You can look at other flags for libx265 using ffmpeg --help encoder=libx265, if your ffmpeg build has libx265 compiled in. The libx265 library is GPL-only, so some builds might not include it, but the one included in PyAV does.

I'll add some comments to this effect.

demos/video-capture-simple.py

bboudaoud-nv · 2026-01-20T15:32:54Z

This is really good information here, priceless!

If I wanted to use h265, is it as easy as serting "h265", or does it need special handling?

@BoboTiG codec names can be a bit finicky here. IIRC on Linux x265 should work for encode. On Windows I believe its hevc. The optional parameters passed in, as well as the supported encoding formats for frames may change with the codec depending on the system though.
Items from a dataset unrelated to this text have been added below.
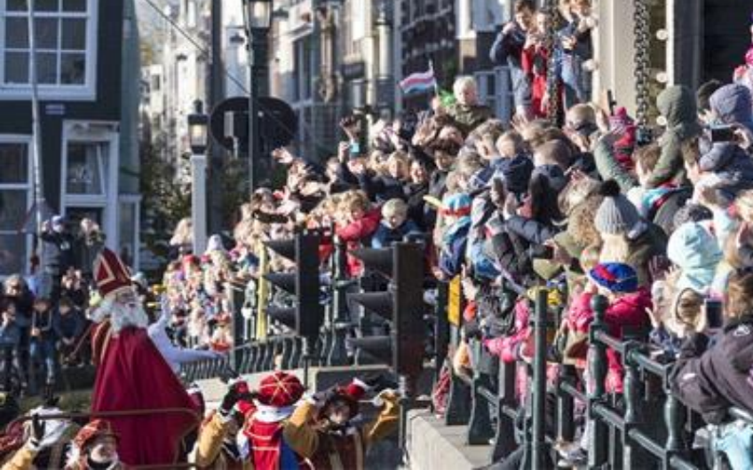
The Sinterklaas Parade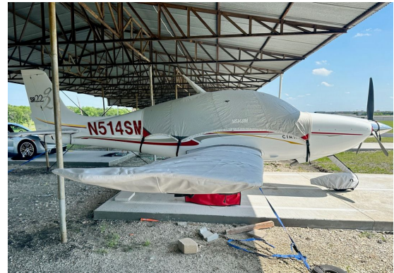
Cirrus SR-22 Canopy, Wing & Wheelpant Covers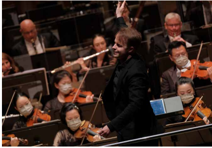
指揮柯蘭瑯 Conductor Taavi Oramo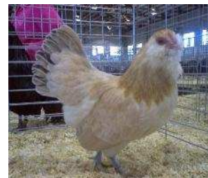
2008 Wheaten Bantam By the Pickard Family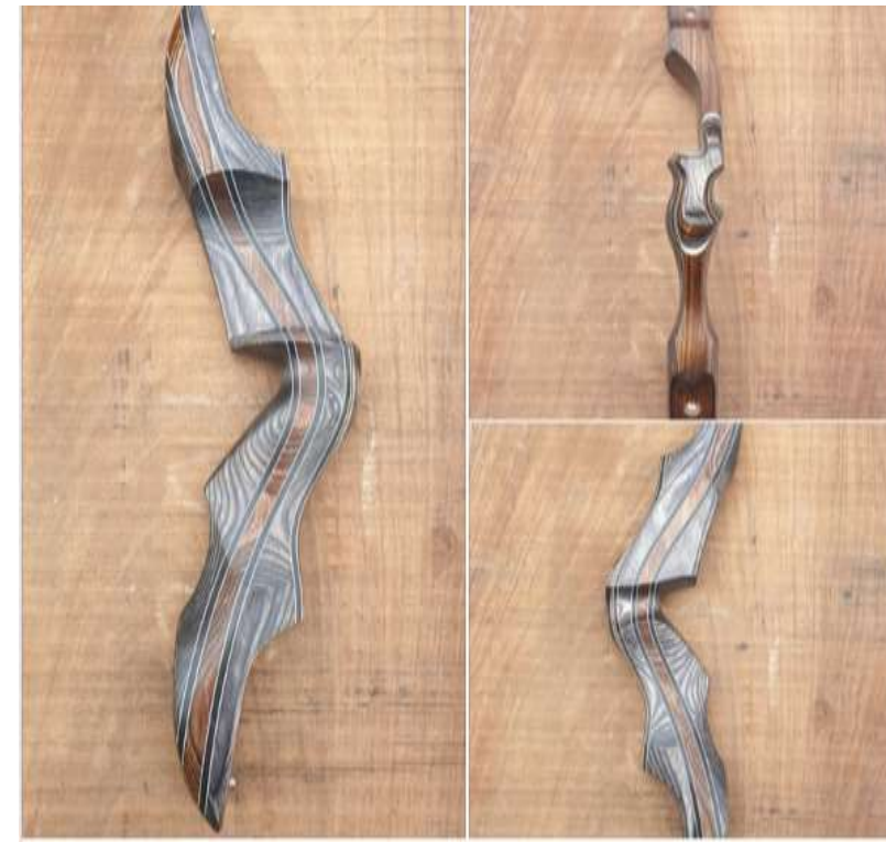
SN1276 21" LH. Heritage Midnight with Heritage Walnut Centre. White Accents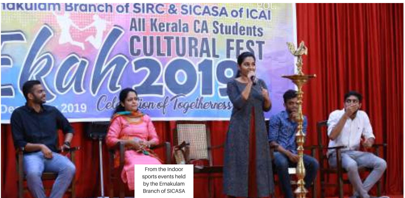
From the Indoor sports events held by the Ernakulam Branch of SICASA

Currently h264 encoding is definitely the safe choice for multi-platform.

You could also experiment with codec names like mpeg or h264 to see if you get better multiplatform support here.

BoboTiG · 2026-01-20T16:46:28Z

Currently h264 encoding is definitely the safe choice for multi-platform.

Fully agree on that.

Thank you for the useful review :)

BoboTiG · 2026-01-20T19:40:50Z

@jholveck should we do checks for third-party modules?

I was testing, and I was missing multiple modules, I needed to look on PyPI, a process which could be improved.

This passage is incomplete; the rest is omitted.